Let’s take a look at the changing nature of the teacher-student relationship. It’s no longer Guru-Disciple – but what is it, really?
For millennia, the techniques of yoga were passed down from teacher (guru) to student (shisya) in a sacred exchange. But today, in the booming yoga industry, it's (downward-facing) dog-eat-dog. The Hindu discipline of yoga is big, big business in the West. Teaching yoga has become a favored second career.
The Yoga Sutras of Patanjali follows the sacred eight-limbed path to enlightenment. The first limb is called "yama" and consists of 5 Sanskrit words that mean don't harm others, lie, steal, lust, or be greedy.
I’m not talking about larger than life public figures like Tiger Woods, Larry King or Arnold Schwarzenegger. The Catholic Church has experienced its fair share of sex scandals and politicians frequently get caught lying or cheating.
Yoga has become cutthroat and many of these yoga celebrities are the biggest thieves, bullies, and sex addicts - all of it under this veil of spirituality. Seekers of enlightenment sometimes get sidetracked, as is the case with several swamis, gurus and world-renowned yoga teachers claiming to be holy, or at least “holier than thou”. But…you decide.
You can't take it anymore. The greed, corruption, and selfishness of the business world have broken your spirit. You need inner peace. You step onto your yoga mat hoping for a little enlightenment: a quiet candlelit room, some gentle stretching, the chanting of mantras, a sage Indian guru dispensing ancient truths.
In walks the resident guru, Bikram Choudhury, a short Indian fellow who sits on the raised-platform throne wearing nothing but a black Speedo swimsuit and a diamond-studded wristwatch.
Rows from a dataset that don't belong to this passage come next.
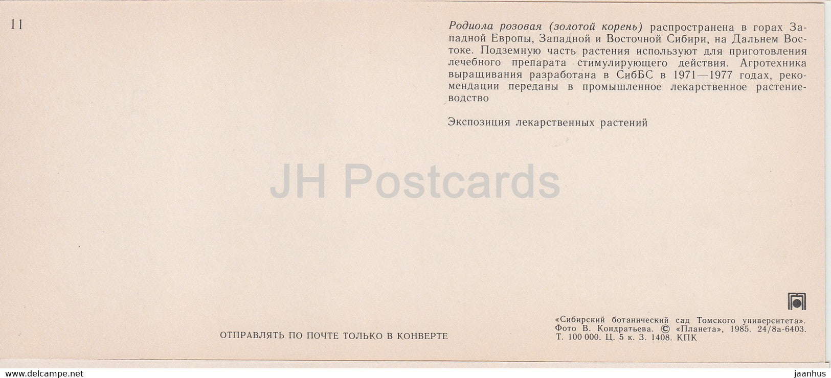 Rhodiola rosea - Jardin botanique sibérien - 1985 - Russie URSS - inutilisé
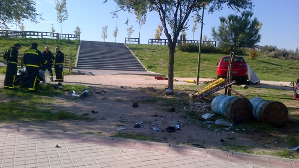Según el relato de Emergencias Madrid, a la altura del número 6 de la avenida Santuario de Valverde la moto, un scooter, se salió de la vía en una curva muy pronunciada a la izquierda, casi en ángulo recto, se metió unos 20 metros un parque, se estrelló contra unos bidones y sus ocupantes rodaron por el suelo. Pudo ser un despiste, pudieron perder el control de la moto o intentaron escapar de la mujer yendo por el parque.
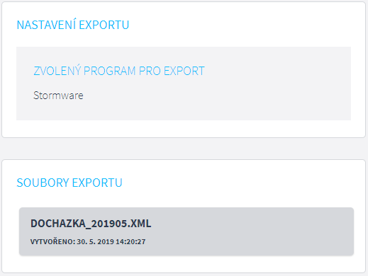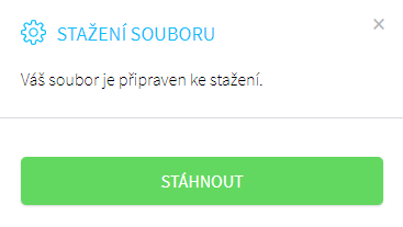 Akonáhle je exportný súbor vytvorený, tak tu bude opäť informácia, že exportný súbor je vytvorený, tlačidlo je aktívne.

The heat is cranked up to 105 degrees and for the next 90 minutes, the closest you get to God is praying for this torture to stop. Then, lying in the Corpse Pose when it's all over, you begin meditating: 100 people times $20 apiece = $2,000 for one class; 2,000 students a week = $2 million per year. Given that Bikram has franchised his "hot yoga" method in 600 studios nationwide, and that 600 Bikram teachers will pay $5,000 each for his 60-day crash course this year, that's another $3 million annually. Throw in lecture fees, yoga seminars, books, videos, and a line of clothing and accessories, and Bikram's empire adds up to at least $7 million, making him one of the biggest players in the industry of yoga.
With 350 certified schools worldwide and 12 studios in the New York area alone, Bikram is the hottest form of yoga around. Using a specific sequence of 26 postures and 2 breathing exercises, this flamboyant Beverly Hills yogi created the hugely popular “hot yoga”.
In 1992 when Bikram arrived at Kripalu, he shocked every disciple by strutting into the Main Chapel wearing a bright silk robe & hurling F-bombs seated next to Yogi Amrit Desai. Choudhury Bikram is a man who expresses himself without apologies and affectionately refers to his studio as his “torture chamber”.
You ask Bikram about some other forms of hatha yoga you might want to try -- Ashtanga, Iyengar, Jivamukti -- but he scowls at your temerity. "Nobody does hatha yoga in America except me!" he bellows, offering as proof his celebrity students, ranging from George Harrison in 1969 to Madonna and Michael Jackson. "All of them are my students! All of them! ALL OF THEM! My name is Guru of the Stars."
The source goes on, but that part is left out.